I suspect the heating element after searching old posts is this a possibility and whats the viability of changing it ( Bear in mind I am still a simpleton) and how easy are the parts to source everywhere I've looked doesn't seem to do parts.

Please help wife is distraught, I'm using the Chemex









In summation is it worth fixing or should upgraditus kick in just in time for Christmas

Many thanks

Gaz


----------



## rodabod (Dec 4, 2011)

Remove one terminal from the boiler element. Power and machine and see if it still trips. If not, then you know your issue...

To prove, borrow a multimeter, or buy a cheapy from Maplin's.

Now remove the terminals from the boiler element, and measure the resistance between each terminal and ground. The meter should be set to read MegOhms (high resistance). All of the metalwork will be grounded, so just find any clean, unpainted surface to attach your probe to.

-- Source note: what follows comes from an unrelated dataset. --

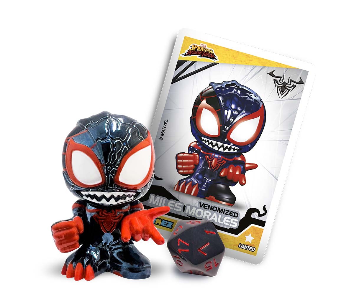 Miles Morales Chrome è venduto all'interno di un rifinito box trasparente da esporre nella propria collezione, all'interno del quale troverai anche una carta da gioco e un dado da 20 per sfidare i tuoi amici al divertentissimo Boomez 3D Card Game.

The meter should no register any continuity.


----------



## coffeechap (Apr 5, 2012)

The element is not difficult to change however it will take done time, I am sure there is a strip down thread somewhere on here to group you. A healthy silvia is still worth around £250 so worth fixing


----------



## Greenpotterer (Nov 29, 2009)

coffeechap said:


> The element is not difficult to change however it will take done time, I am sure there is a strip down thread somewhere on here to group you. A healthy silvia is still worth around £250 so worth fixing


I've tested the element and it is faullty. I have been in the very fortunate position, thanks to my good lady who drinks most of the coffee incidentally, to replace my machine with a Cherub







. So after I've finished playing with the cherub the next stage will be to get the Rancillio repaired.

Thanks Gaz


----------



## Greenpotterer (Nov 29, 2009)

oops double posted


----------